The acquiring company’s share price drops because it often pays a premium for the target company, or incurs debt to finance the acquisition.
The target company’s short-term share price tends to rise because the shareholders only agree to the deal if the purchase price exceeds their company’s current value.
Over the long haul, an acquisition tends to boost the acquiring company’s share price.
Of course, there are exceptions to the rule. Namely: if a target company’s stock price recently plummeted due to negative earnings, then being acquired at a discount may be the only path for shareholders to regain a portion of their investments back.
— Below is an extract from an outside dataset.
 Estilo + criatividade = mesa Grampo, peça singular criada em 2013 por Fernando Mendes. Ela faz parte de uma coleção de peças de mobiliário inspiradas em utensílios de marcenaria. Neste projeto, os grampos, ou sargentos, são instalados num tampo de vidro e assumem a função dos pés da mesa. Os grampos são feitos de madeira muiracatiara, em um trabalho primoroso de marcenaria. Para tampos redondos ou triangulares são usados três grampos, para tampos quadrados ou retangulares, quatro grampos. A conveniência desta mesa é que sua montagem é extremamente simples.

This holds particularly true if the target company is saddled with large amounts of debt, and cannot obtain financing from the capital markets to restructure that debt.
What Happens To The Stock Prices Of Two Companies Involved In An Acquisition?
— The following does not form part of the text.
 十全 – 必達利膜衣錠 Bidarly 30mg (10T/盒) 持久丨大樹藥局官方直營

On the other side of the coin, the acquiring company’s stock typically falls immediately following an acquisition event. This is because the acquiring company often pays a premium for the target company, exhausting its cash reserves and/or taking on significant debt in the process. But there are many other reasons an acquiring company’s stock price may fall during an acquisition, including:
Investors believe the premium paid for the target company is too high.
There are problems integrating different workplace cultures.
Regulatory issues complicate the merger timeline.
Management power struggles hamper productivity.
Additional debt or unforeseen expenses are incurred as a result of the purchase.
It’s important to remember that although the acquiring company may experience a short-term drop in stock price, in the long run, it’s share price should flourish, as long as its management properly valued the target company and efficiently integrates the two entities.
Pre-Acquisition Volatility
Stock prices of potential target companies tend to rise well before a merger or acquisition has officially been announced. Even a whispered rumor of a merger can trigger volatility that can be profitable for investors, who often buy stocks based on the expectation of a takeover. But there are potential risks in doing this, because if a takeover rumor fails to come true, the stock price of the target company can precipitously drop, leaving investors in the lurch.
Generally speaking, a takeover suggests that the acquiring company’s executive team feels optimistic about the target company’s prospects for long-term earnings growth. And more broadly speaking, an influx of mergers and acquisitions activity is often viewed by investors as a positive market indicator.